Forum OpenACS Q&A: Search Engine cloaking / IP delivery

I am looking at a method to detect an ip and redirect to a specific
page, in the case of search engines. Technically this is simple to
do, but the challenge is obtaining a list of search engine ip's.
This company provides such a service but uses a closed source Perl
script http://www.ip-delivery.com/

I would like to hear what the forum says about this.

I am of the opinion that it would benifit search engines and search
public to have ip's published. Views?

Collapse
Posted by John Sequeira on
Well-behaved search engines will publish a specific user agent to the web server. I think it'd be much easier to find the official list of search engine user agents than IP addresses.

I suggest you do a google search on 'search engine robot user agents'.

FWIW, this link looks pretty complete and has IP addresses for a few.

Collapse
Posted by Tilmann Singer on
Are you sure that you want to show a different content to search engines then to normal visitors?
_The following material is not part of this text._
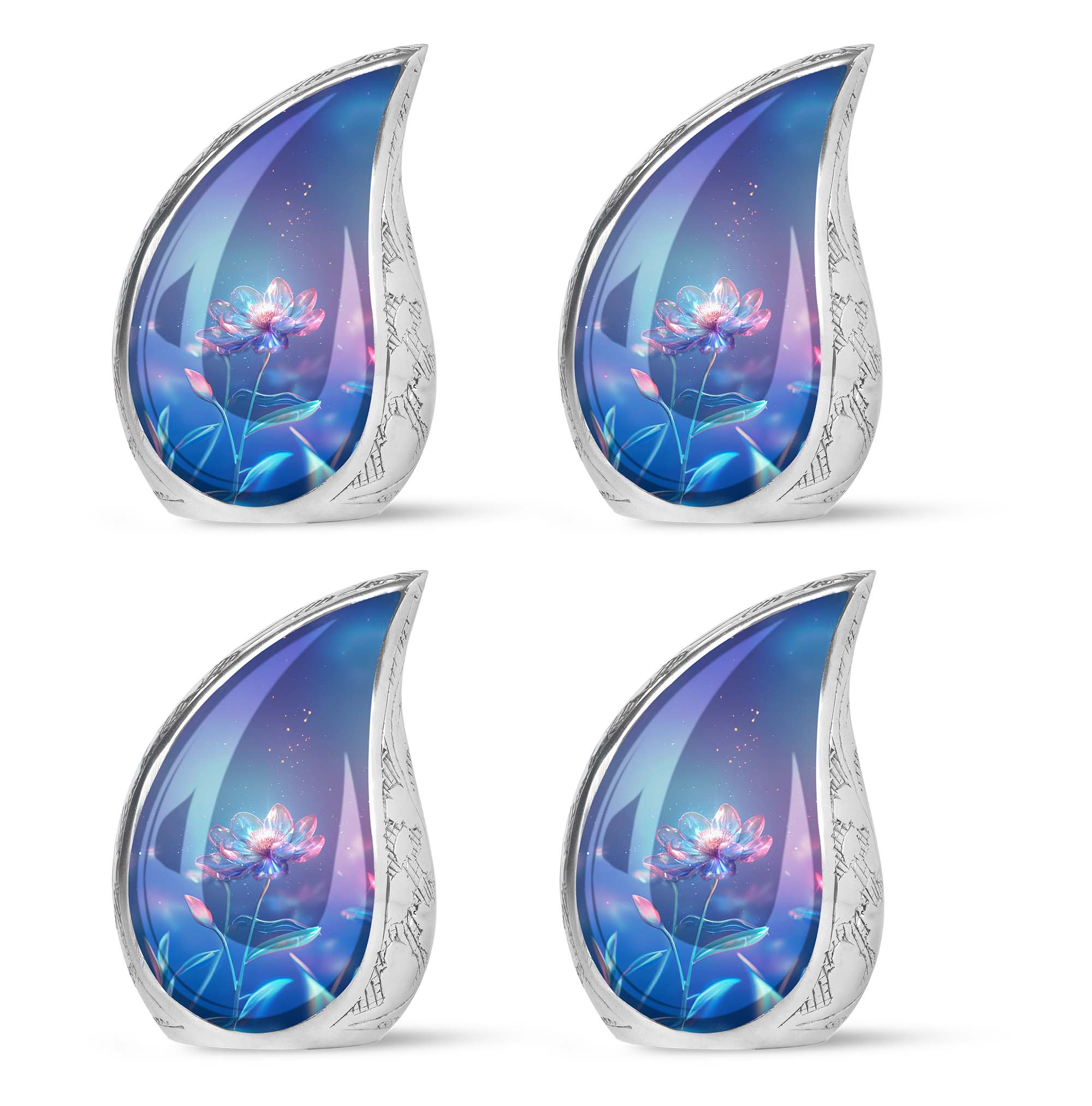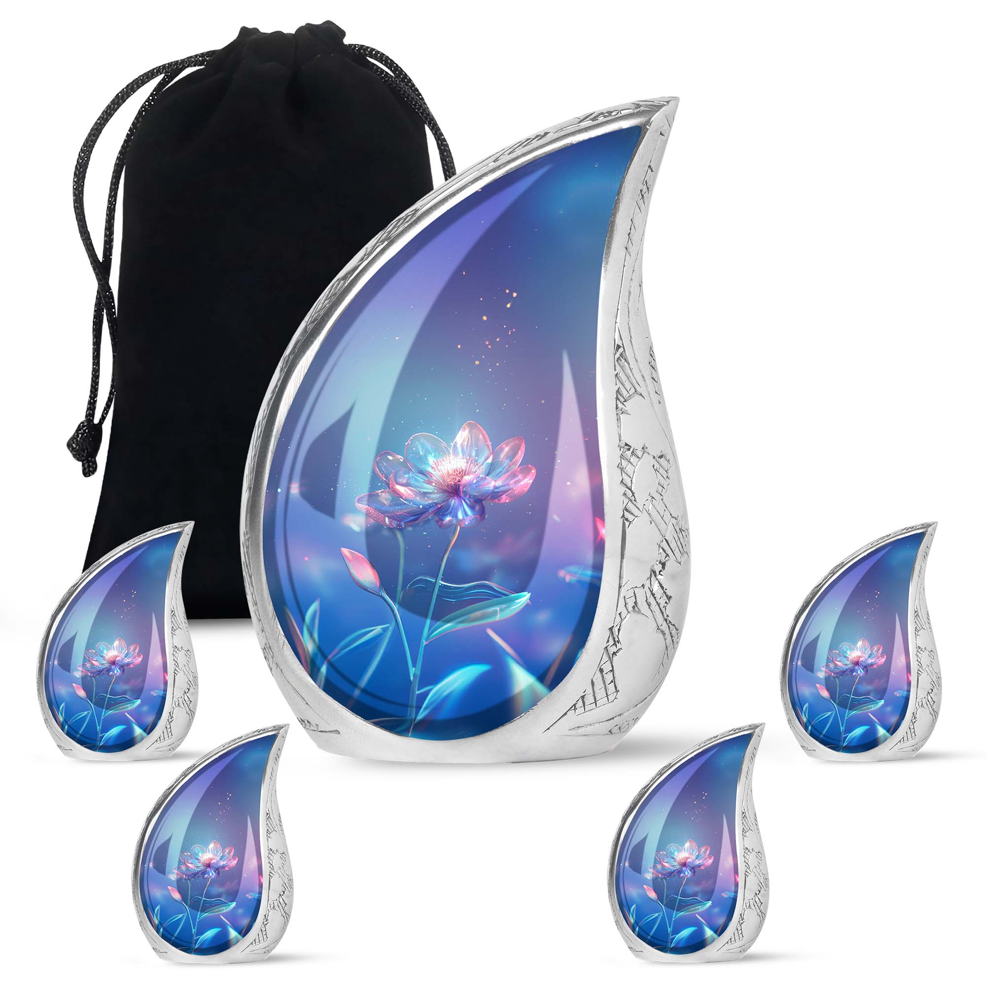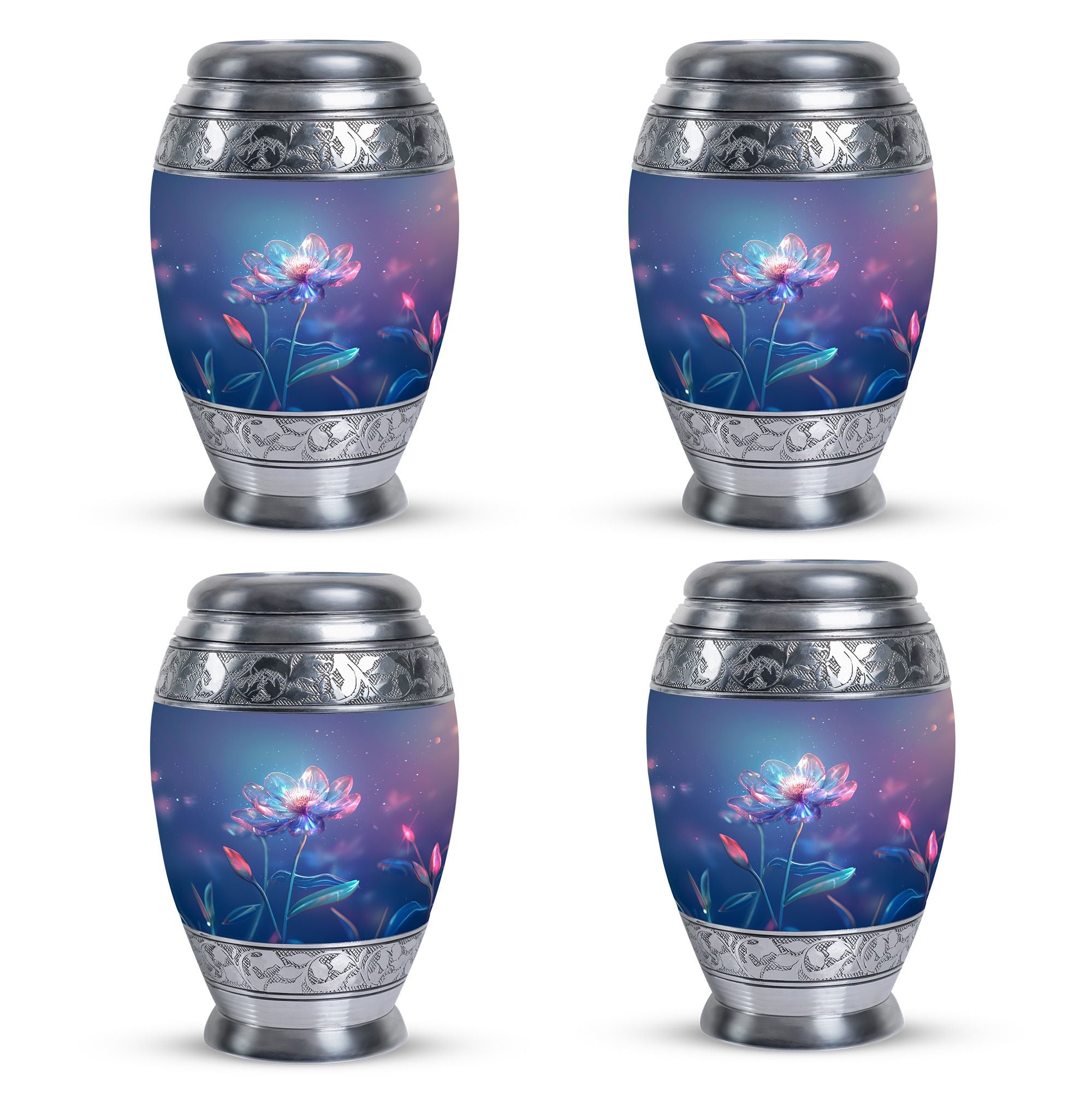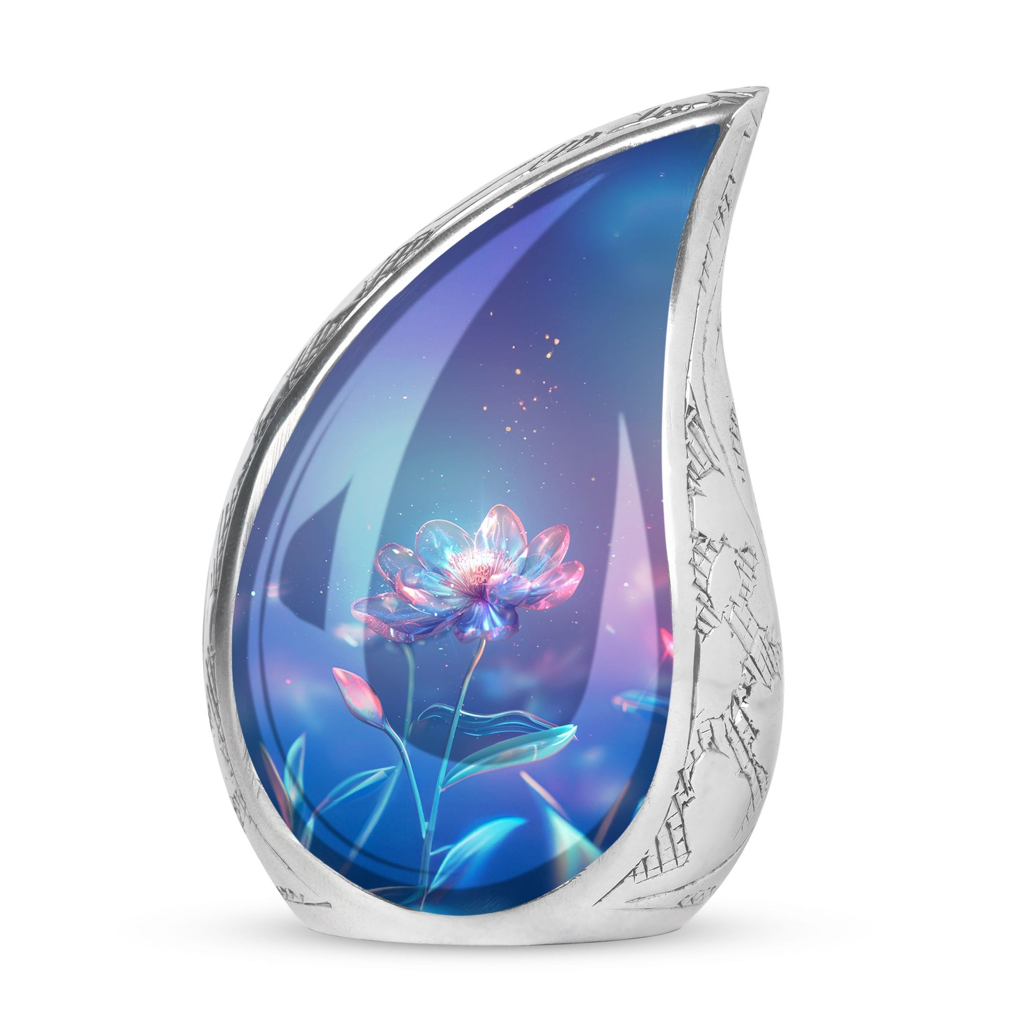 Each detail of this large decorative urn for human ashes reflects fine artistry and compassion. Designed with delicate floral motifs, it captures the beauty of eternal life and love. Handcrafted from high-quality aluminum, this urn ensures durability and timeless charm. Its vibrant blue hue, accented with graceful flowers, symbolizes tranquility and eternal peace—making it one of the most heartfelt cremation urns for women available. The secure screw-top lid guarantees the safe preservation of ashes, offering comfort in knowing your loved one rests in beauty and security.

This contradicts to what the search engines are interested in, and I'd suspect that the more sophisticated ones check the indexed sites from time to time by visiting them from a non-published IP with a standard user-agent header to make sure they get the same or at least not totally differing content this way as they do when visiting the sites "officially".
Collapse
Posted by MaineBob OConnor on

I'm also interested in this because we have three different user states:

  • Visitor -- No Cookie, Not logged on
  • Guest -- Has Cookie, logged on as Guest
  • Member -- Has Cookie, logged on paying Member

At this point, all robots are Visitors and we show visitors intro stuff. But much of our content is available only to members and a smaller subset to Guests.

For example, if a member tries to send a visitor a link to member only content in the bboards, the visitor is redirected to a logon page or a page saying that they need to become a member.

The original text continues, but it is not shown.